Traversant la ville de Carentan, le convoi se dirige vers le village de Catz (prononcer KA en normand) pour la pause déjeuner. Ils sont accueillis au Normandy Victory Museum. Ce musée moderne, ouvert en 2017 est situé le long de la Nationale 13. En intérieur, plusieurs dizaines de scènes reconstituées permettent de découvrir la bataille des haies. En extérieur, il est possible de s’essayer au parcours du combattant, de faire un tour de char ou d’avion. Le musée est situé sur l’ancien A10 Airfield de la 9th Air Force US. Le 2 juin, de nombreuses autres animations étaient proposées avec des stands militaria ou encore la présence de blindés allemands rares présentés par le Musée des Blindés de Saumur.

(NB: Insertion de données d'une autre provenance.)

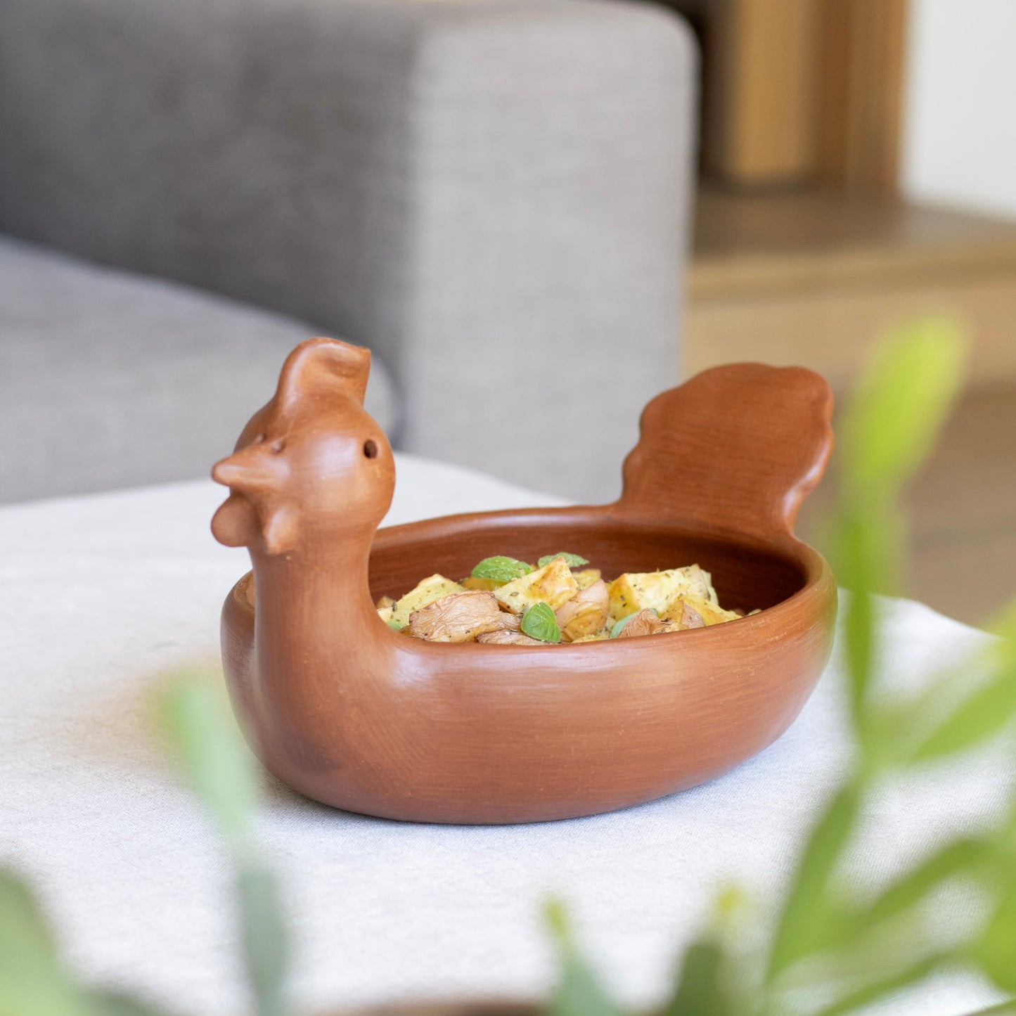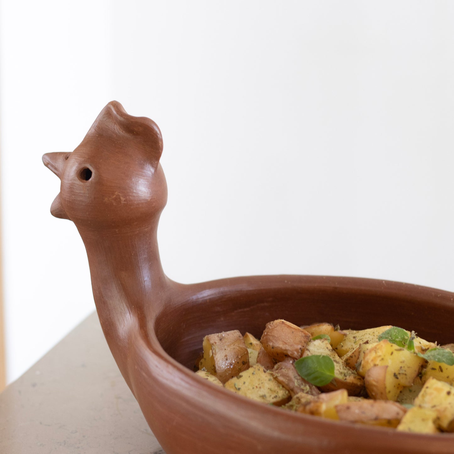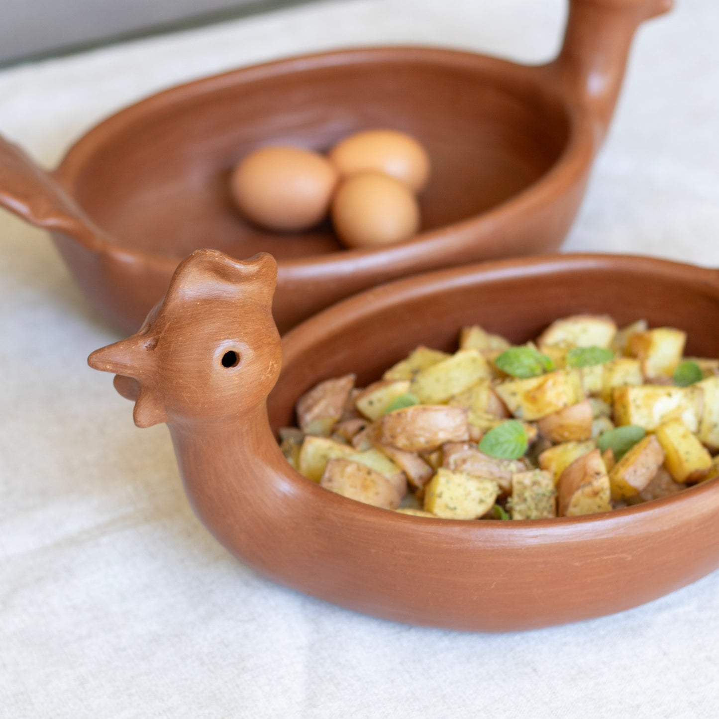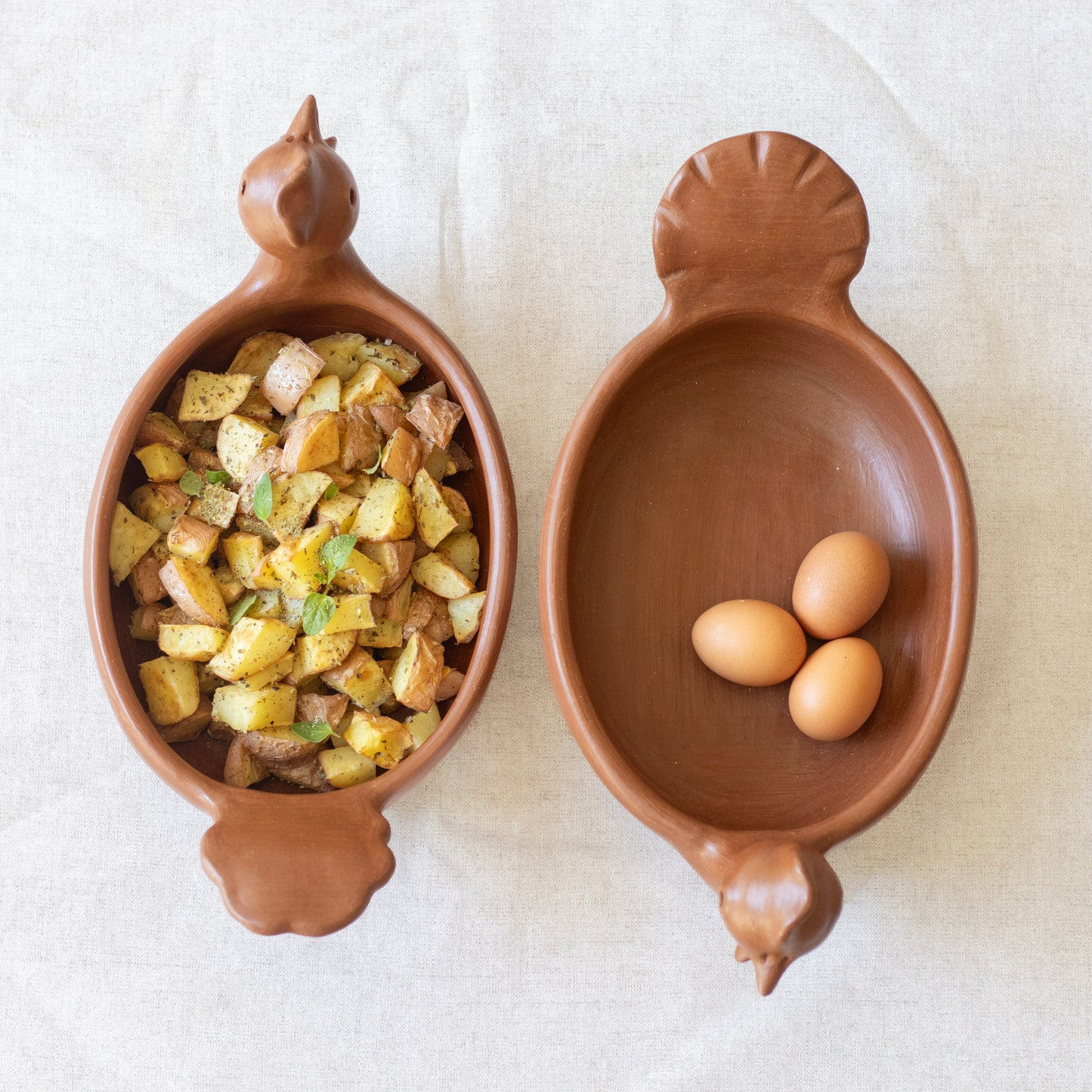 Decorativa y utilitaria, ¡la fuente Gallina lo tiene todo! Puede acoger una bandeja de huevos entera en su interior, pero también contener unas ricas papas al romero. Es un 10/10

Devant l’entrée du Normandy Victory Museum à Catz

Enfin, vers 15 heures, la colonne de motos s’est ébranlée pour traverser une nouvelle fois le bocage normand en direction du camp Géronimo à Saint Mère Eglise. Ce camp est la reconstitution d’un camp militaire américain d’époque. Le matériel présenté comme les véhicules Jeep, GMC, Dodge, blindés Sherman et bien sur motos Harley, ou encore les tentes sont d’époque. Les reconstitueurs qui animent le camp sont aussi en tenues militaires américaines de la 2nd Guerre Mondiale. Ils présentent ainsi au public un panorama complet et l’ambiance d’un campement d’époque en arrière du front.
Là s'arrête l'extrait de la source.